A Conversation for Britain After WWII
rationing
iainturnbull Started conversation Apr 17, 2006
I was talking to a bloke in a Westminster pub one day and I asked about the blitz,he told me about a woman he knew that had been hit in the foot by a piece of shrapnel.Naturally the poor woman was in tears but when my acquaintance went to comfort her she was crying for her shoes not because of her injury.
rationing
Teasswill Posted Apr 23, 2006
Even power was rationed at times. My parents married in 1947 and the electricity was due to be turned off shortly after the start of the ceremony. Determined to at least go up the aisle to organ accompaniment, she made sure to get to the church early and duly proceeded to the altar, despite not everyone else having arrived.
rationing
Ϯ Lady MacbethϮ - 42 Posted Apr 23, 2006
I remember chocolate coming off the ration. I think it was the very last thing. Up till then I had been allowed one very tiny bar oc Cadbury's Milk (costing, I think 1d) a week. The day I went to the shop to buy a 6d bar will remain with me forever (I was around 4!)
rationing
shazzPRME Posted Apr 25, 2006
Fuel rationing finished in May 1950 followed by soap in September that year.

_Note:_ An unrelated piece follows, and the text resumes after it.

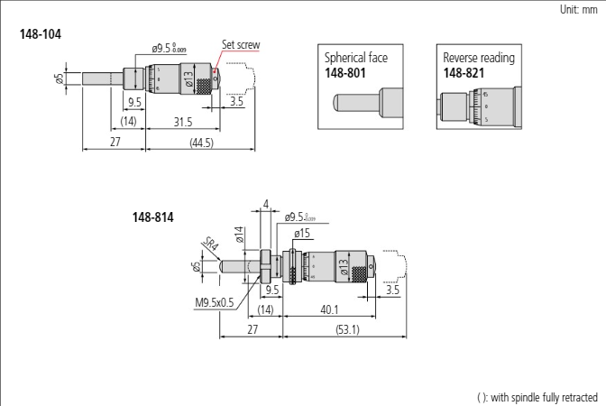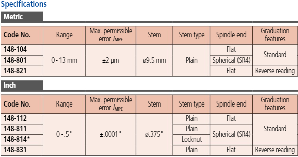 Micrometer Head, Small Standard Type 0-0,5", 0,001", Spherical, with Clamp Nut/Spindle Lock 148-814-10

Most important for the English, tea rationing ended in 1952!
Sugar came off rationing in 1953 but the rationing of meat and bacon - the last items rationed - didn't end until July 1954.
shazz
rationing
tomsenior Posted Apr 25, 2006
Yes I can remember that, I was eight in 1947 and I remember the power being turned off at regular intervals. It would be announced on the radio when your district was going to be turned off; it was called "load shedding." We also had a really terrible winter in '47 with lots of snow and really low temperatures - seemed to go on for months. Luckily we didn't use electricity for heating - good old fashioned coal, but that was rationed as well.
rationing
logoes Posted Apr 26, 2006
I remember the queues when there was a consignment of oranges at the greengrocers, and the first time that bananas were back. How my mother managed to feed us so well I just don't know, but we did live in the country and near the sea so our rations were supplemented with the odd rabbit and plenty of the local flounders. We had a box of kippers sent from the Isle of Man each week during the summer season and I went round delivering the orders to our neighbours, I think they cost 1s2d. for two pairs.